Unlike the last pam_listfile example, which restricts the users that may be switched to with su, pam_wheel is used to specifically restrict the successful execution of su to the root user. It does so by utilizing a special group called wheel with the GID of 0. Its default behavior is to allow only members of the wheel group to su to root when this module is in force. This is another authentication-only module. Its arguments are described in Table 5.11. This module has some arguments that you really don't want to use. The use_id argument causes the pam_wheel to use the effective UID of the user. In this way a non-wheel group member could su to a wheel group member and then su to root. This is probably not the behavior you seek.

The trust argument could cause wheel members to be able to su to root without a password, depending on the way in which modules are stacked. Avoid these two arguments, unless you are debugging or are otherwise prepared for their consequences.

On many releases of Linux, there is a GID 0, the root group. You may wish, therefore, to create a wheel group with a different GID—for example GID=10 (Red Hat 5.2/6.0 does this for you)—then use the group argument to pam_wheel. Example 5-20 displays a representative /etc/pam.d/su file. Make sure that you have a group called wheel in /etc/group. Any member of that group will be allowed to su to root. All other users will get a Password incorrect error message, even if they know the correct password.

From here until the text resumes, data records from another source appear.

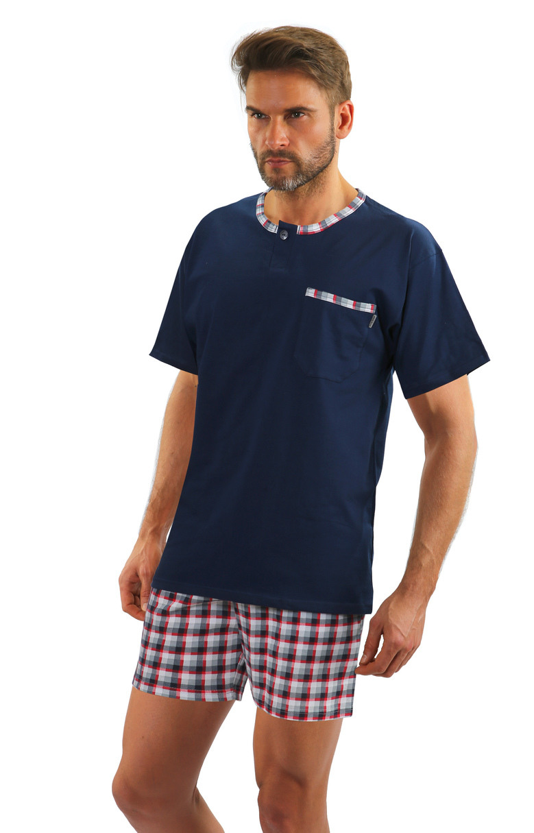 Piżama męska Jasiek z krótkim rękawem wykonana jest z wysokiej jakości bawełny. Składa się z koszulki - dekolt, zapięcie oraz ozdobna kieszonka wykończone lamówką, oraz spodenek w kratę typu Madras. Skład: 100% bawełna
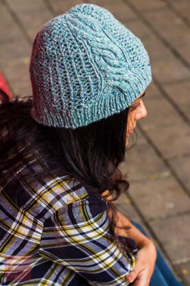 This snug hat has a ribbed brim and is worked from the bottom up. The alternating cable and mesh panels make it a quick and fun knit.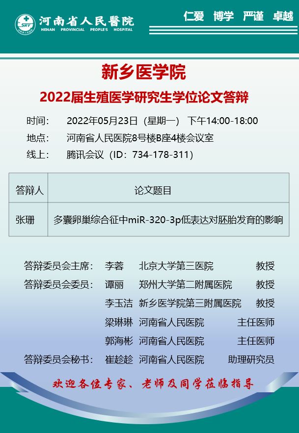 2022上半年华亿在线手机版(大中国区)(河南省人民医院)妇产科学硕士学位论文答辩会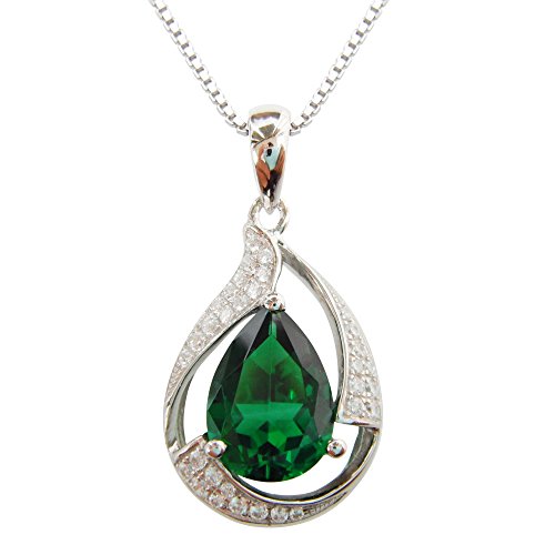 Navachi - Collana in argento Sterling 925 placcato oro bianco 18 carati con smeraldo o rubino 3,5 ct, 45,7 cm e Argento, colore: Verde, cod. SIL-9678-1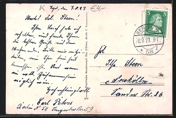 alte Ansichtskarte, gelaufen 1927, guter Zustand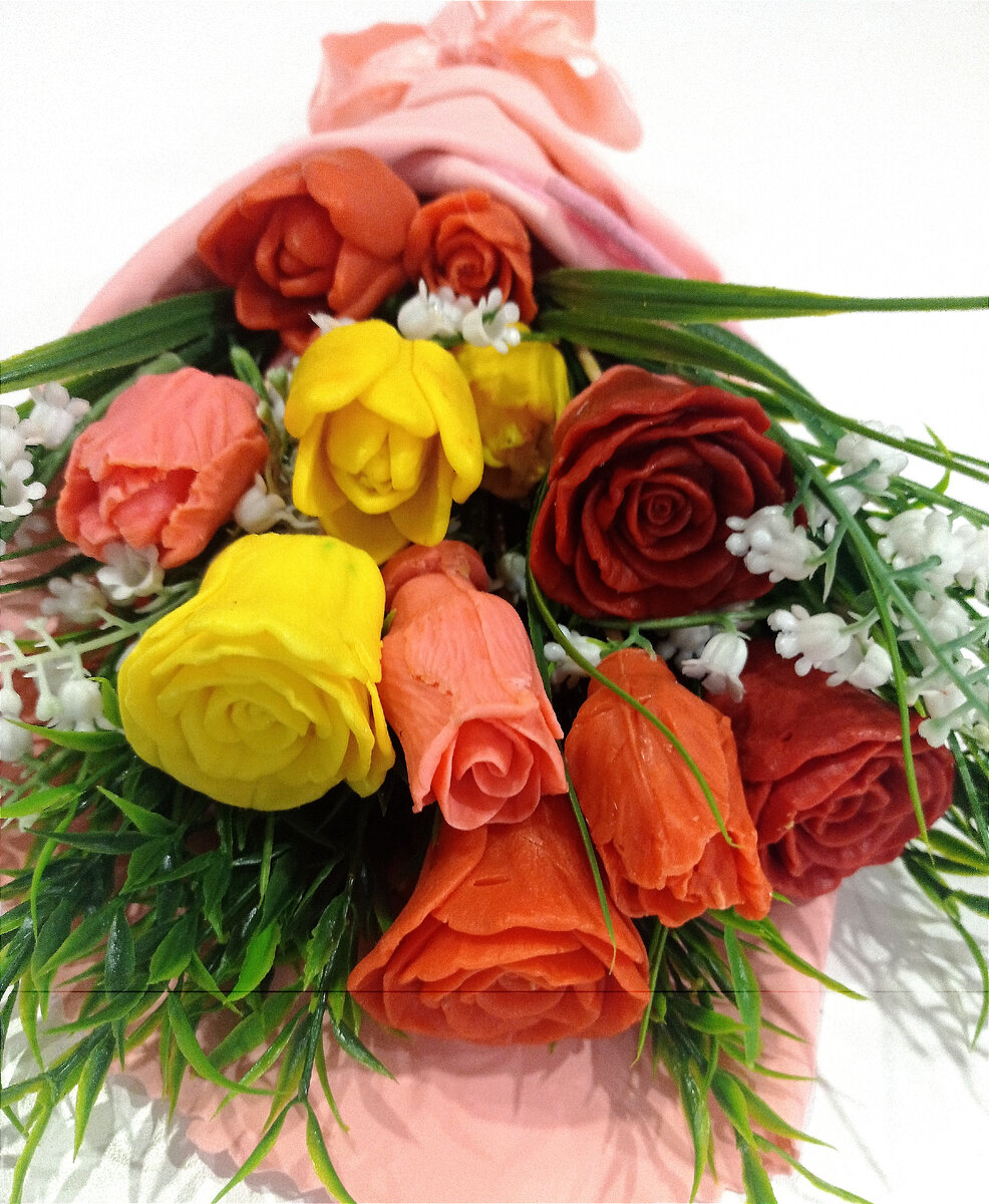 К 8 марта подарила подарки своим девочкам, самым близким и родным. А к подаркам от меня цветочки, но только эти букетики и цветочки мыльные..Так что пригодятся,когда вдруг мыла дома не будет. Так как я все пробую,то делала букетики впервые.И кажется получилось. Конечно сначала я приобрела заранее : 5. Шпажки бамбуковые 6. Зелень из пластика и веточку ландышей 6.Лист фоамирана для упаковки 7.Ленточку 8.Спирт или можно водку для сбрызгивания мыла при заливке,чтобы не .было пузырьков. Инвентарь: большая мерная чашка для мыльной основы,несколько чашек, чтобы замешивать разные цвета,клеёнка, микроволновая печь, силиконовые формы Сначала я сбрызгиваю формы спиртом. Заливаю подкрашенную основу с ароматизатором в форму, и опять сбрызгиваю спиртом.Минут через 10-15 застывает мыло , можно аккуратно вытаскивать из формы и заливать новое мыло. От яиц я оставила пару лотков ярких жёлтых пластиковых, помыла их,и складывала в ячейки, бутоны роз и тюльпанов,на просушку.чтобы хорошо подсохли.

Example 5-20 The /etc/pam.d/su File with pam_wheel

Auth     required   /lib/security/pam_wheel.so group=wheel
auth     required   /lib/security/pam_pwdb.so
account   required   /lib/security/pam_pwdb.so
password   required   /lib/security/pam_cracklib.so minlen=20 retry=3
password   required   /lib/security/pam_pwdb.so md5 use_authtok
session   required   /lib/security/pam_pwdb.so

Table 5.11 Arguments of pam_wheel

Argument

Description

debug

Generates additional output to syslog.

use_id

Uses the current process UID and not that returned by getlogin. This may result in the use of an effective UID and is not recommended for production use.

trust

Causes this module to succeed if the user is a member of the wheel group. This option may cause members of wheel to become root without a password. Be very careful when using this argument.

deny

Reverse the logic of this module.

group=groupname

Instead of allowing users in the group wheel, allow the users in groupname.